# "C:\WINDOWS\system32\services.exe" terminated unexpectedly status code 2147483641



## hmarston (May 21, 2008)

*"C:\WINDOWS\system32\services.exe" terminated unexpectedly status code 2147483641*

I get after being on windows xp Prof for a few minutes the following error message and the pc shuts down 60 seconds.

The system process "C:\WINDOWS\system32\services.exe" terminated unexpectedly with status code -2147483641. The system will now shut down and restart. I have use typed in the run section "shutdown -a to stop the pc from shutting down to run corrective software but it still shows up. 

I have not been able to locate my status code shown above.


----------



## PaddyN (May 2, 2008)

*Re: "C:\WINDOWS\system32\services.exe" terminated unexpectedly status code 2147483641*

are you behind a firewall?
do you have p2p programs open (winmx, kazaa, morpheus, ares)
also are you a static IP or dhcp?


----------



## hmarston (May 21, 2008)

*Re: "C:\WINDOWS\system32\services.exe" terminated unexpectedly status code 2147483641*

Yes I am behind a firewall. No I do not utilize p2p programs like (winmx, kazaa, morpheus, ares) and I am connected to a wireless router (dhcp).


----------



## PaddyN (May 2, 2008)

*Re: "C:\WINDOWS\system32\services.exe" terminated unexpectedly status code 2147483641*

Well sometimes, registering with dhcp after a timeout can cause a stack overflow..crash..
try making your PC a static IP address and DNS and see if the problem persists


----------



## hmarston (May 21, 2008)

*Re: "C:\WINDOWS\system32\services.exe" terminated unexpectedly status code 2147483641*

I have use dhcp for several years without any problems and this just started late Sunday night... It sounds like a worm but I can't locate the little guy.


----------



## PaddyN (May 2, 2008)

*Re: "C:\WINDOWS\system32\services.exe" terminated unexpectedly status code 2147483641*

"I get after being on windows xp Prof for a few minutes"

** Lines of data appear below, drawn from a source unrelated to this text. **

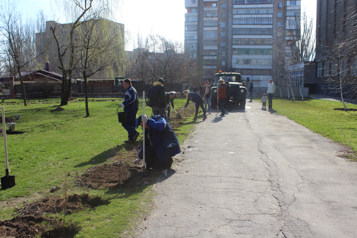 Сегодня прошел второй по счету субботник в рамках акции «Сделаем свой город лучше». В 09.00 начались работы в сквере возле здания «Укртелекома». Сотрудники этой организации вместе с воспитанниками дворца творчества, бойцами батальона коммунальщиками и чиновниками посадили 4 липы, 45 спирей и 105 кустов бирючины.
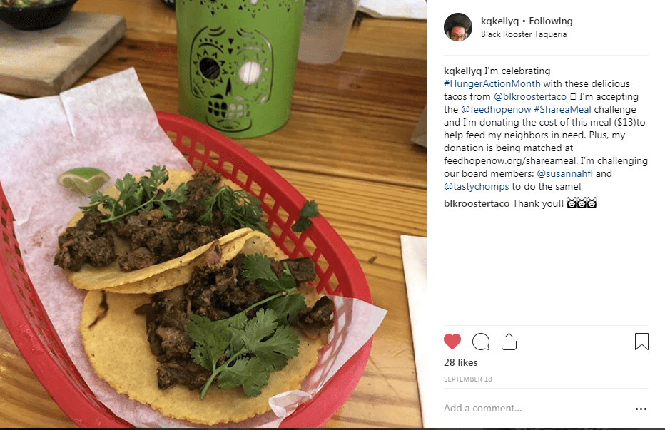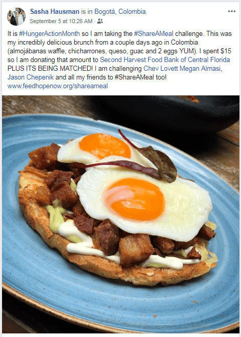 The food is utilized for people in need by emergency food pantries, soup kitchens, shelters, and other organizations serving families in need. By challenging friends and family to take action in the fight against hunger, while also using social media as a tool for change, participants photographed themselves enjoying a meal and then posted it on social media using the appropriate hashtag. The person who created the post got to use their own platform to announce their commitment to donating to struggling families and help them get the food assistance they need. Donation amounts to Second Harvest Food Bank after their meal were based on the cost of the meal in their picture, or any amount they wish to give. Share A Meal donations are accomplished online using a credit or debit card. Each post also contained a challenge to at least three other users to do the same challenge, thus keeping the ball rolling in terms of creating an impact.
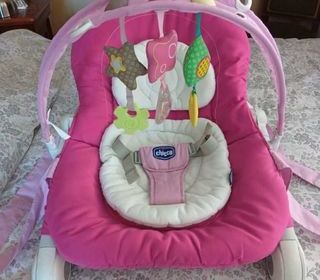 Transat Chicco, rose, évolutif de la Naissance à 18 kg. Position fixe, à bascule, avec barre de jeux. Dossier réglable & coussin réducteur, fermeture compacte, polyester. Transacti
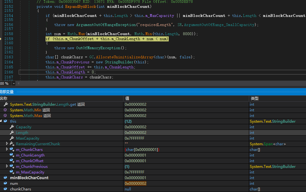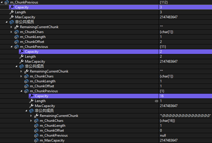 (注:只有在扩容的时候才是如此,否则 Capacity [this.m_ChunkChars.Length + this.m_ChunkOffset] 才是就算没装满的所有节点的总容量)
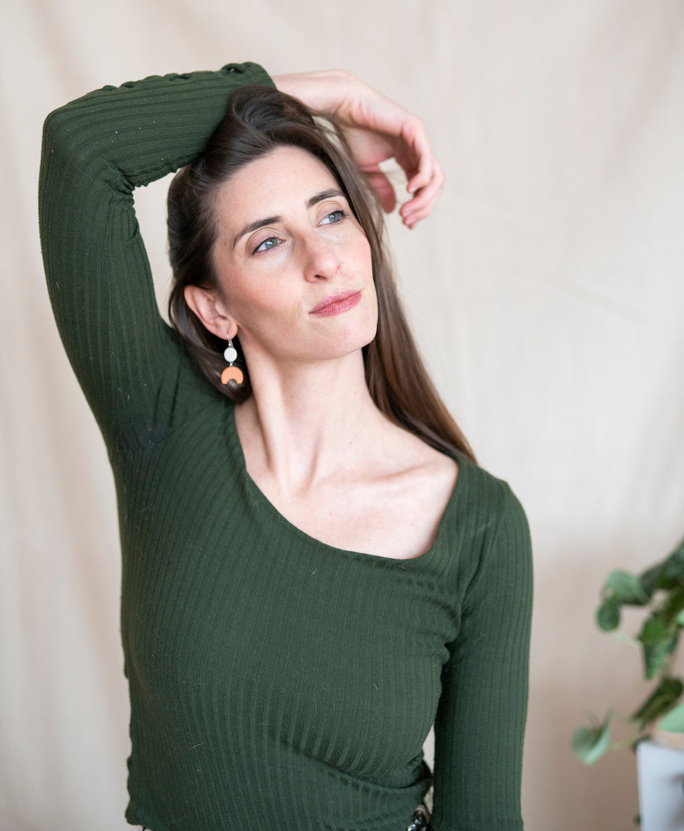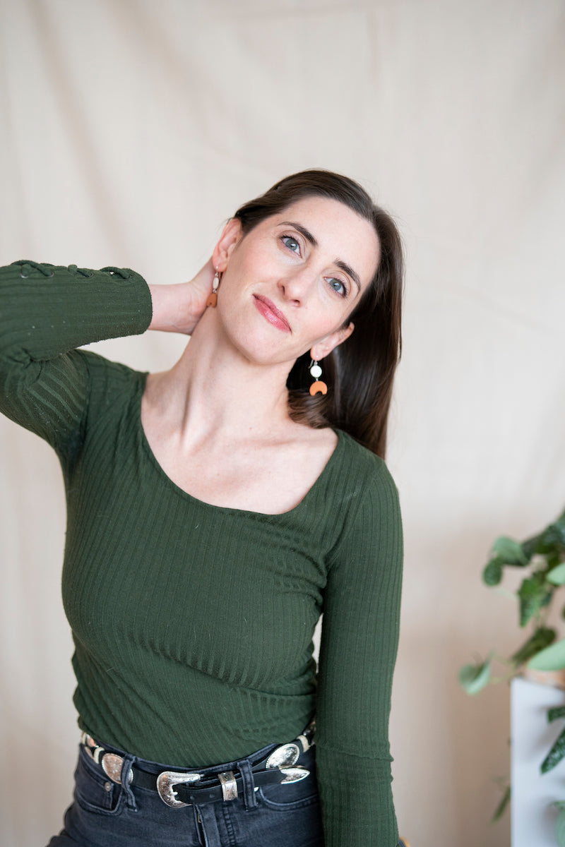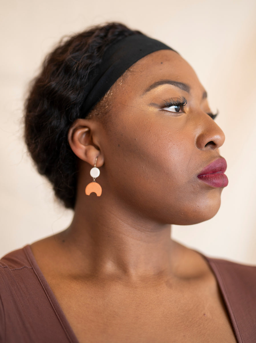- Earrings come in a reusable organic cotton pouch.

sorry i got the impression that you just started using pro version.
try a kaspersky online scan for anything there.


----------



## hmarston (May 21, 2008)

*Re: "C:\WINDOWS\system32\services.exe" terminated unexpectedly status code 2147483641*

OK will do that when I get back home!!! Thanks I will keep you posted... I also will use Process Explorer to maybe loacte the app that might be the problem...


----------



## PaddyN (May 2, 2008)

*Re: "C:\WINDOWS\system32\services.exe" terminated unexpectedly status code 2147483641*

well services.exe shows that its crashing..so i would recommend checking your settings, making sure you write them down.
then static it up, use tcp/ip v4 is you have the option of 4 or 6


----------



## igodate (Oct 13, 2008)

*Re: "C:\WINDOWS\system32\services.exe" terminated unexpectedly status code 2147483641*

how did you fix this? i have the same thing hapening to my puter. i have no network adapters and i can still connect to the internet.
i have nothing in my device manager. and it says i have no plug n play


help i have called tech support and thier solution is to reformat and that is not an option for me. i am not good with puters at all so please help me!


----------